Por tanto, todos estos instrumentos designados como pruebas anticipadas o preconstituidas, en realidad implican la práctica de un método y la custodia de su resultado. Lo único que las distingue de los medios de prueba más tradicionales es que, efectivamente, la mayoría de ellos son más modernos. Pero no por ello dejan de implicar la misma actividad y tener el mismo objetivo: la averiguación de la realidad.

Es muy posible que en esta clasificación haya influido el hecho de que se trata de actuaciones que se llevan a cabo en la fase de instrucción, y que la doctrina del siglo XIX y XX repitió una y otra vez que no eran pruebas para tratar de evitar, vanamente, que pudieran ser utilizadas en el juicio oral. Con ello se trataba de superar también el sistema inquisitivo, en el que la instrucción había ocupado casi todo el espacio del proceso, haciendo que el juicio oral fuera marginal (58) . Se trataba de potenciar este último, sin darse cuenta de que lo cierto es que la celebración del juicio oral es imposible con unas mínimas garantías científicas, si se ignoran los materiales obtenidos durante la instrucción, que serán tratados, se quiera o no, como auténticas pruebas en el proceso. Lo fundamental debía haber sido que se prohibiera realizar conclusiones incriminatorias en la instrucción que provinieran de las autoridades policiales (59) , y que la única incriminación fuera realizada en tono dubitativo por el ministerio fiscal, que no debía ser una especie de abogado de la acusación, sino un asistente del juez que le ayudara a descubrir la realidad. Así debía ser en un proceso en el que en la fase de juicio, no iba a resolver un jurado ajeno completamente a la investigación, como sucede en los sistemas del Common Law, sino un juez, compañero de fiscales y jueces de instrucción y que, por tanto, no es del todo ajeno a los mismos.
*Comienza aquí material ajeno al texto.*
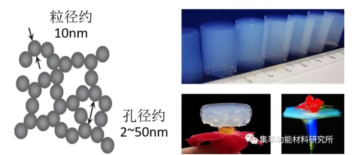 氣凝膠是由納米粒子相互連接形成具有三維網(wǎng)狀多孔結(jié)構(gòu)的固體材料,孔隙率高達90%以上,通常外觀呈藍色,亦稱為“藍煙”。氣凝膠是目前除真空絕熱板外已知的導(dǎo)熱系數(shù)最低(~0.012W/(mK))、密度最低(~3kg/m3)的固體材料。氣凝膠擁有超長的使用壽命、超強的隔熱性能、超高的耐火性能等,被譽為“改變世界的神奇材料”。

En realidad, ni siquiera la entrevista cognitiva, actual paradigma jurisprudencial de la llamada «prueba preconstituida» en España, lo es siguiendo la definición de Gimeno Sendra, definición que puede ser discutible, claro está, pero que por lo menos es lógica. La entrevista cognitiva (60) , como es sabido, consiste en la realización de un encuentro relajado entre un psicólogo y un sujeto con conocimiento de los hechos, habitualmente una víctima en la actualidad, pero que en el futuro podría —y tal vez debería— ser cualquier otro testigo, dado que la entrevista cognitiva al menos es un método pericial (61) de averiguación de la realidad que tiene una base científica desde luego muchísimo más fiable que el interrogatorio judicial, que sin duda no la tiene. Sea como fuere, esa entrevista será una prueba pericial o testifical, pero sería anticipada para Gimeno Sendra en cualquiera de los dos casos, de ser practicada, como es habitual, durante la instrucción. Sin embargo, la jurisprudencia, como ya se vio, la califica de «preconstituida».
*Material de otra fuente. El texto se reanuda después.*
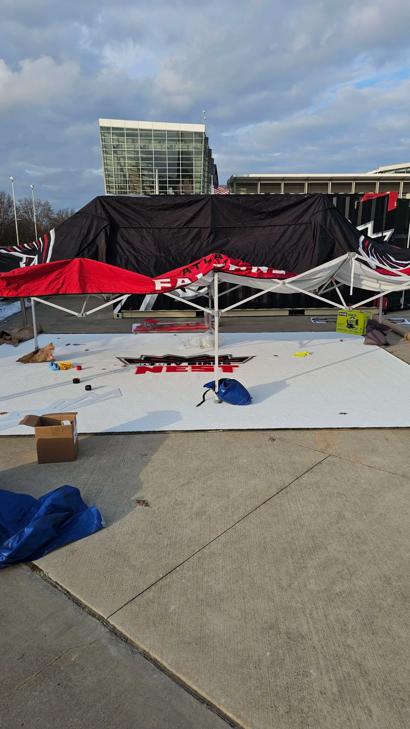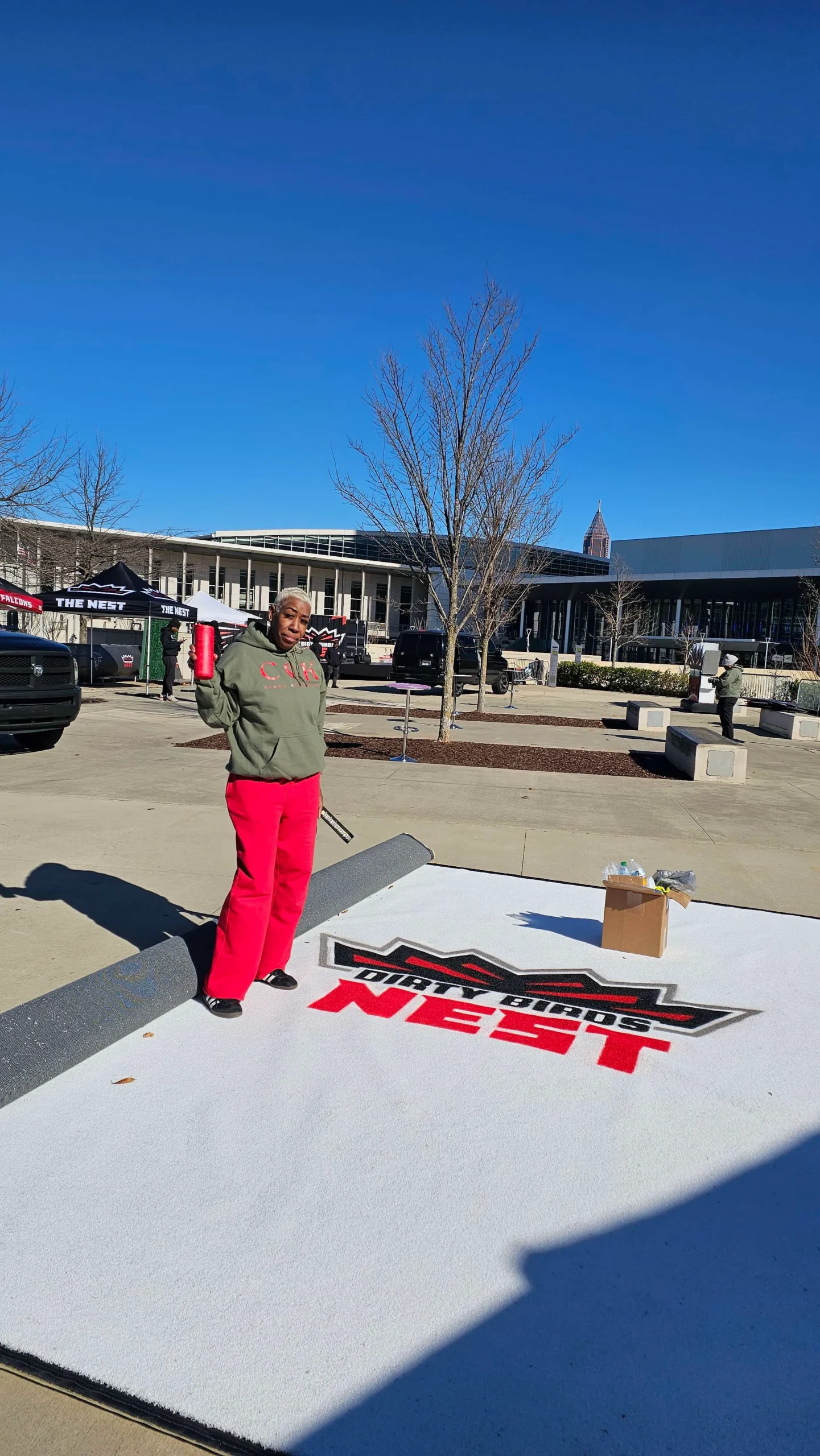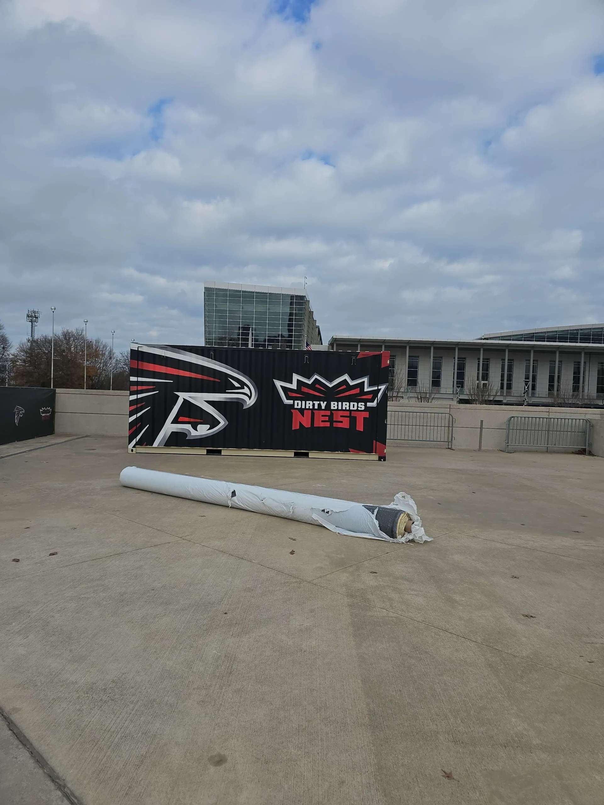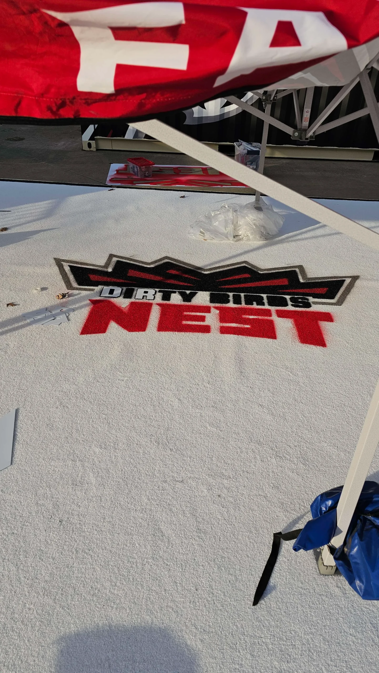 Our talented design team brought the Atlanta Falcons Dirty Birds Nest logo to life by painting it on a custom 15′ x 20′ white carpet—perfect for their tailgate activations. Let us handle the details so you can enjoy your event stress-free! Contact us today for a quote.

En definitiva, se confirma que no estamos ante una cuestión de técnica jurídica, sino frente a una simple denominación engañosa que ha hecho fortuna en la doctrina española sobre todo. Sería ya el momento de desterrarla, porque utilizar esa terminología no tiene la más mínima trascendencia práctica. Es más, resulta innecesariamente confusa y denota una falsaria erudición que es sólo aparente.